US 12,287,761 B2
Systems and methods for machine learning-based classification of digital computer files using file metadata
Steve Woodward, Canton, MI (US); Alexis Johnson, Canton, MI (US); Stefan Larson, Dexter, MI (US); and Shaun Becker, Canton, MI (US)
Assigned to DryvIQ, Inc., Ann Arbor, MI (US)
Filed by DryvIQ, Inc., Ann Arbor, MI (US)
Filed on Feb. 6, 2023, as Appl. No. 18/106,270.
Claims priority of provisional application 63/328,711, filed on Apr. 7, 2022.
Claims priority of provisional application 63/307,978, filed on Feb. 8, 2022.
Prior Publication US 2023/0251999 A1, Aug. 10, 2023
Int. Cl. G06F 16/16 (2019.01); G06F 16/11 (2019.01)

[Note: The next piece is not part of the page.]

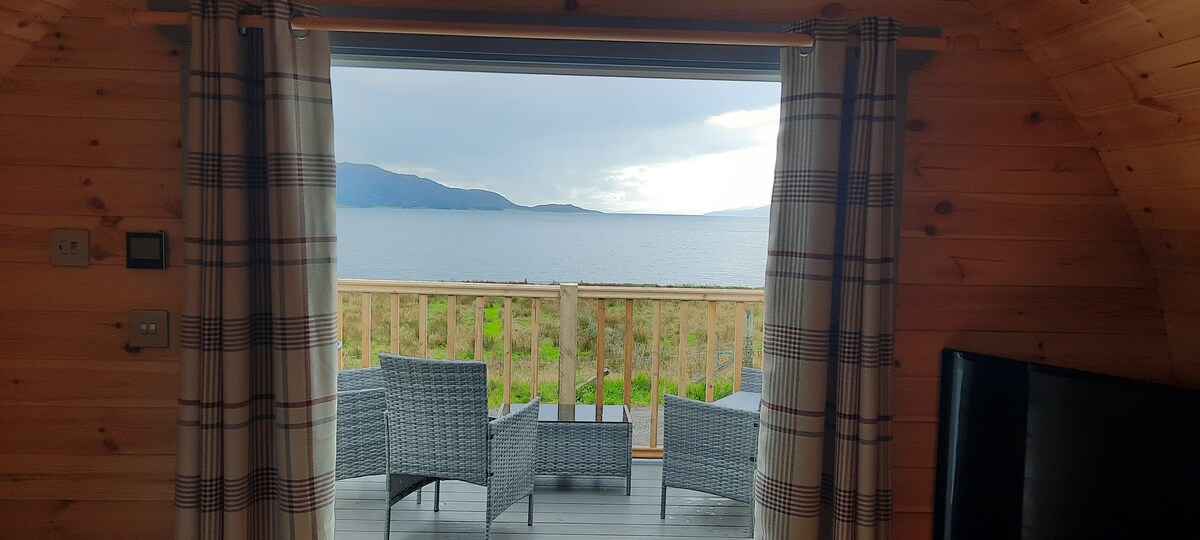 Beautifully appointed modern pod , boasting full size shower and larger than your usual pod layout. Only 15 minutes drive to fort william where you will find lots to do including Ben nevis , jacobite steam train , nevis range and much more . Alternatively 10minutes away from Glencoe where you will find walking for all abilities with stunning views . Set just up from the shores of loch linnhe you have panoramic views of the loch and surrounding mountains .Decking area has gate .

CPC G06F 16/164 (2019.01) [G06F 16/119 (2019.01)] 10 Claims
OG exemplary drawing
 
1. A machine learning-based method for accelerated content classification and routing of digital files in a data handling and data governance service, the method comprising:
identifying a digital computer file associated with a subscriber to the data handling and data governance service;
sequentially routing the digital computer file to one or more machine learning-based content classification models of a plurality of distinct machine learning-based content classification models based on a service-defined model instantiation and execution sequence, wherein:
(i) the service-defined model instantiation and execution sequence defines a model instantiation and execution order for the plurality of distinct machine learning-based content classification models that enables a fast content classification of the digital computer file while minimizing a computation time or runtime of the one or more machine learning-based content classification models; and
(ii) the one or more machine learning-based content classification models include a machine learning-based filename classification model;
computing, via the machine learning-based filename classification model, a content classification inference based on extracted filename feature data of the digital computer file; and
executing one or more computer-executable instructions based on the content classification inference, wherein executing the one or more computer-executable instructions includes one of:
(a) a routing of the digital computer file to a subsequent machine learning-based content classification model based on the service-defined model instantiation and execution sequence when a content confidence value associated with the content classification inference fails to satisfy a minimum content classification threshold; and
(b) a migration of the digital computer file to a target data storage repository when the content confidence value satisfies the minimum content classification threshold.